Now we can compare the predicted values with the actual values to measure how good our spam filter is with classifying new messages. To make the measurement, we'll use accuracy as a metric:
[![Capture4.jpg](https://i.postimg.cc/GhHN218h/Capture4.jpg)](https://postimg.cc/D835jHPt)

In [25]:
total = test.shape[0]
correct_test = test[test['Label'] == test['predicted']]
correct = correct_test.shape[0]
accuracy = correct/total
print("Correct: ", correct)
print('Accuracy: ', accuracy)

Correct:  1100
Accuracy:  0.9874326750448833


We classified 1114 messages that hasn't seen in training. Our spam filter classified 1100 messages correctly. The accuracy of our spam filter is 98.74%, which is pretty good. 
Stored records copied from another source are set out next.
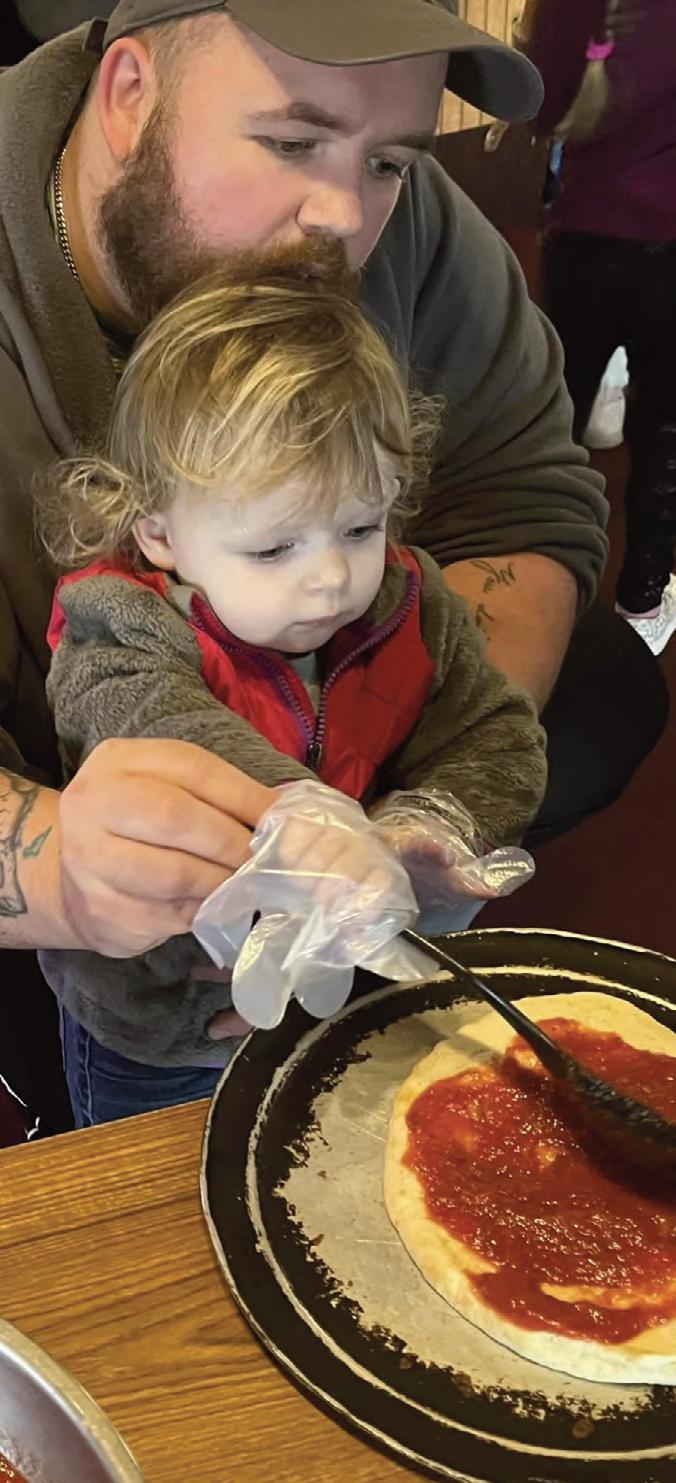 National Pizza Day was Feb. 9 and Danny’s Pizza hosted a children’s pizza making event for Enfield Family Resource Center families. Left, Brooke and Cole Dahlquist, Erin Grimes, lead parent educator for The Enfield Family Resource Center with Gianina Martucci, Lilth MacPherson, Brynn and Barrett Carrigan. Right, Christopher MacPherson with daughter Lilth MacPherson.The Enfiield Family Resource Center offers family support services promoting parenting skills and family involvement with the schools, striving to help children succeed academically, socially and emotionally.
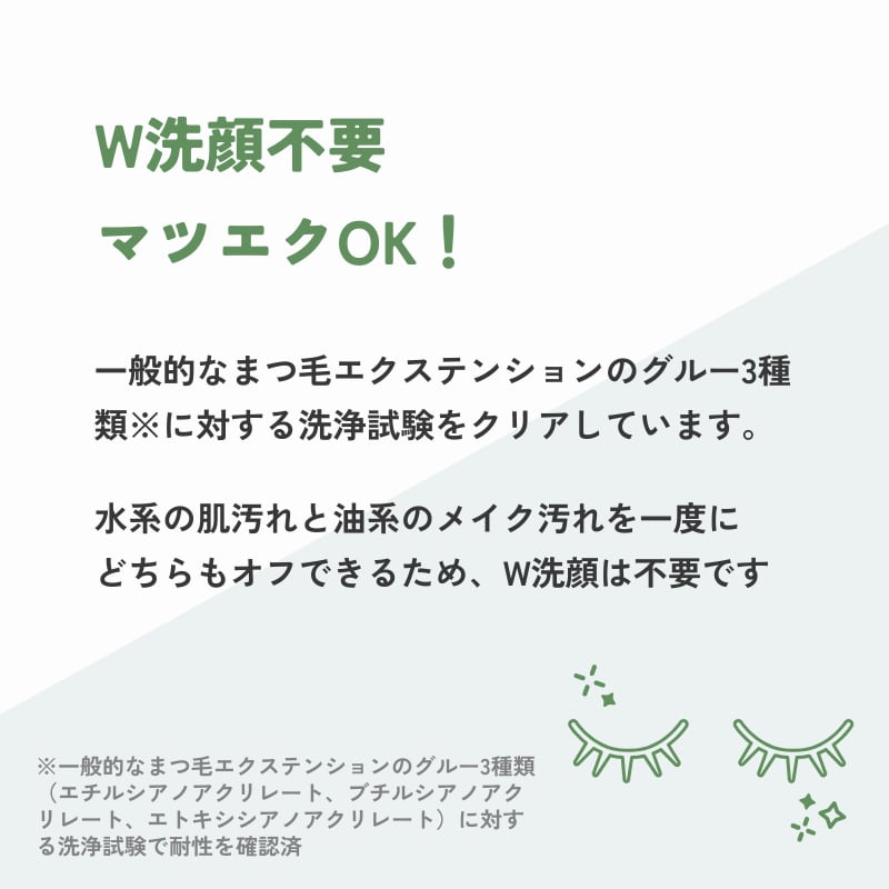 一般的なまつ毛エクステンションのグルー3種類(※5)に対する洗浄試験をクリアしています。水系の肌汚れと油系のメイク汚れを落すとので、W洗顔は不要です。
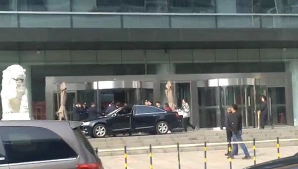 3月21日下午2时40分左右,郭树清出现在银监会门口,与前来参会的官员一同进入银监会,银监会门口从两点半左右布上了警戒线。杨峰 摄
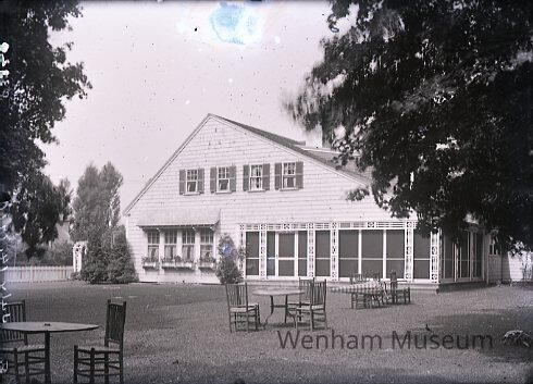 Landscape with new Wenham Tea House, Monument St., back yard with seating *NOTE one of the last known photos taken by Conant, all of the Tea House, all on July 14, 1921Collection
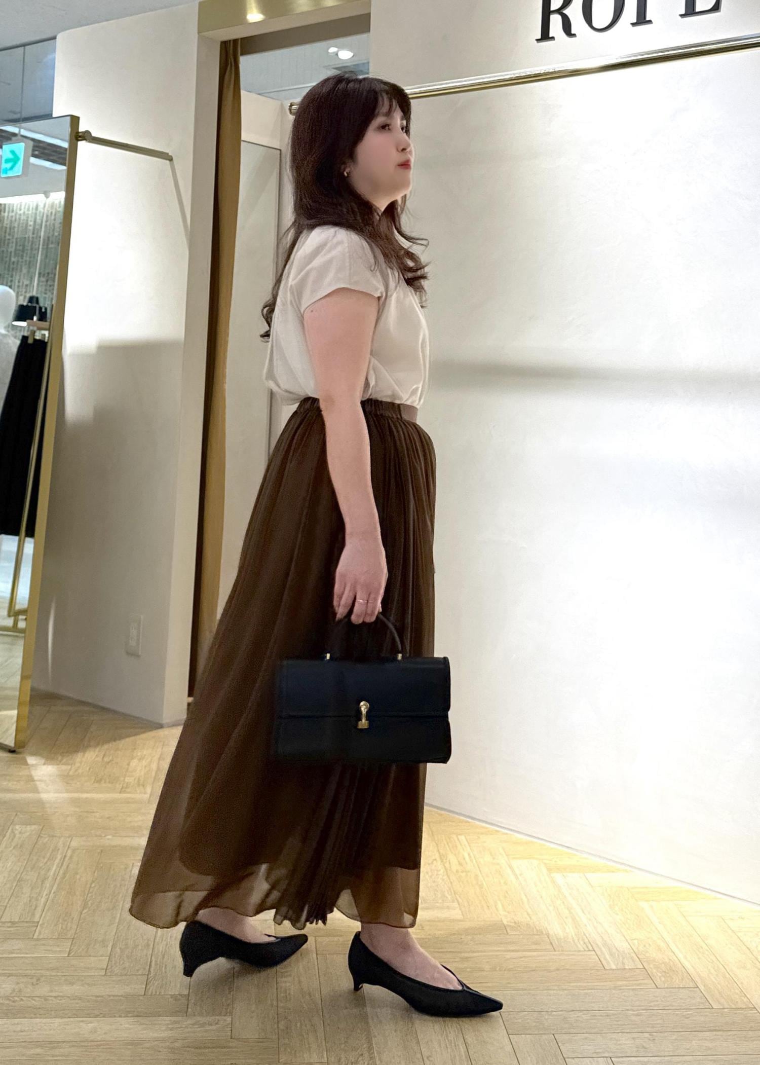 フェミニンなアイテム合わせなので小物はブラックで大人感をプラスしました。

## Conclusions and Future Directions

In this project, we managed to build a spam filter for SMS messages using the multinomial Naive Bayes algorithm. The filter has an accuracy of 98.74% on the test set, which is an excellent result. We initially aimed for an accuracy of over 80%, but we managed to do way better than that.

Here are a few next steps can be taken to work one this project in the future:

   + Isolate the 14 messages that were classified incorrectly and try to figure out why the algorithm reached the wrong conclusions.
   + Make the filtering process more complex by making the algorithm sensitive to letter case.